EXERCISE BRIEF
Skip the pictures, and retype the data below in full, exactly.

RECORDED DATA section start

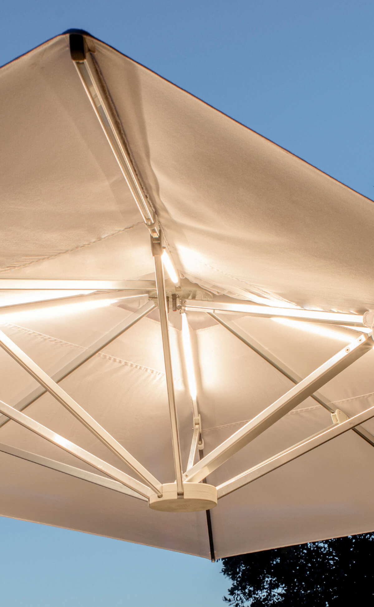 | Hinweis: | Die Bemaßung und die Hebel ermöglichen ein einfaches Schließen des Regenschirms, ohne dass Tische bewegt werden müssen, sowie die Möglichkeit, ihn in der horizontalen Ebene zu drehen. Shade Pro ist außerdem mit einem Beleuchtungssystem ausgestattet, das aus 4 LED-Leisten einer Fernbedienung und einer Schalttafel besteht. Die batteriebetriebene Fernbedienung verfügt über die folgenden Tasten: Zündung, Ausschaltung drei voreingestellte Lichtintensitäten, Auswahl zwischen warmem und kaltem Licht. |
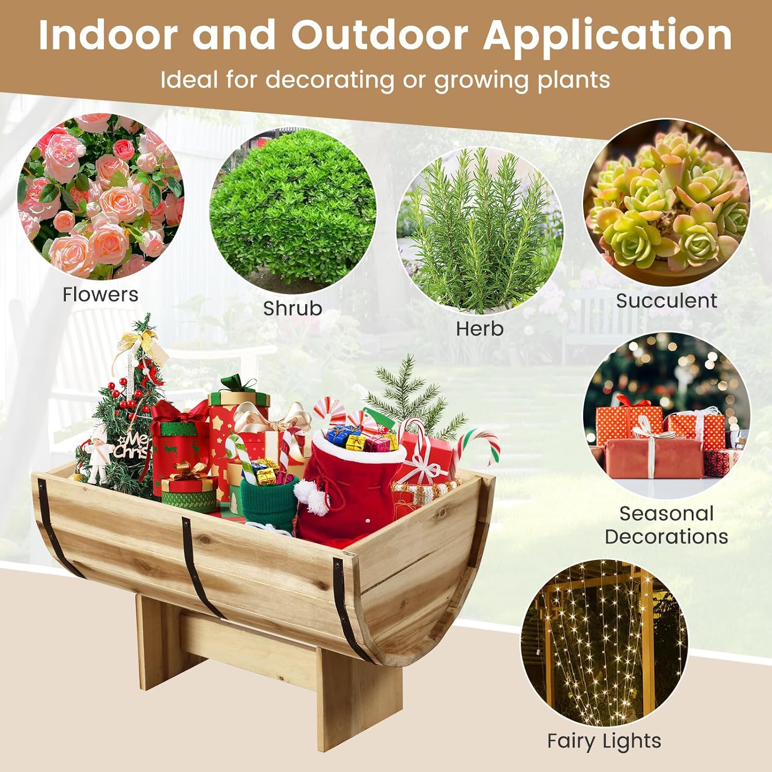 - Indoor and Outdoor Application: The wooden planter box is perfect not only for planting but also for adding decorative flair to your space, adorned with seasonal ornaments, fairy lights, etc. It is an ideal addition for various indoor and outdoor settings, from gardens and patios to porches and balconies.
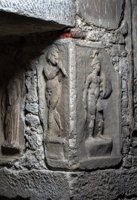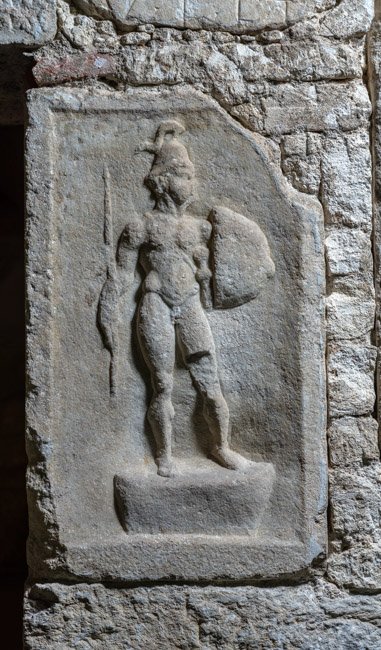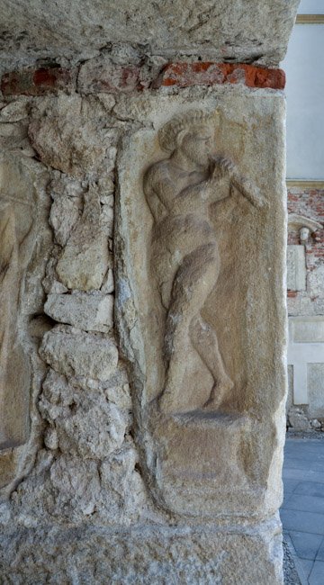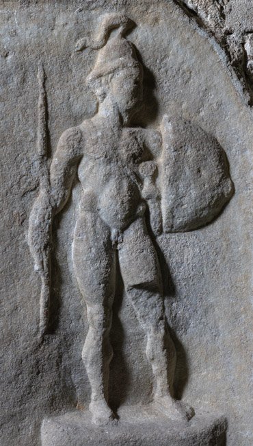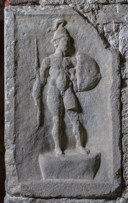 Mythische Figur, Musikinstrument. Eckblock: auf der Vorderseite auf Podest nackter Jüngling (Mars, Heros ?) mit Waffen: Helm, Balteus, Schwert, in der Rechten Lanze, in der Linken Schild.

RECORDED DATA section end

EXERCISE OUTPUT
 | Hinweis: | Die Bemaßung und die Hebel ermöglichen ein einfaches Schließen des Regenschirms, ohne dass Tische bewegt werden müssen, sowie die Möglichkeit, ihn in der horizontalen Ebene zu drehen. Shade Pro ist außerdem mit einem Beleuchtungssystem ausgestattet, das aus 4 LED-Leisten einer Fernbedienung und einer Schalttafel besteht. Die batteriebetriebene Fernbedienung verfügt über die folgenden Tasten: Zündung, Ausschaltung drei voreingestellte Lichtintensitäten, Auswahl zwischen warmem und kaltem Licht. |
 - Indoor and Outdoor Application: The wooden planter box is perfect not only for planting but also for adding decorative flair to your space, adorned with seasonal ornaments, fairy lights, etc. It is an ideal addition for various indoor and outdoor settings, from gardens and patios to porches and balconies.
 Mythische Figur, Musikinstrument. Eckblock: auf der Vorderseite auf Podest nackter Jüngling (Mars, Heros ?) mit Waffen: Helm, Balteus, Schwert, in der Rechten Lanze, in der Linken Schild.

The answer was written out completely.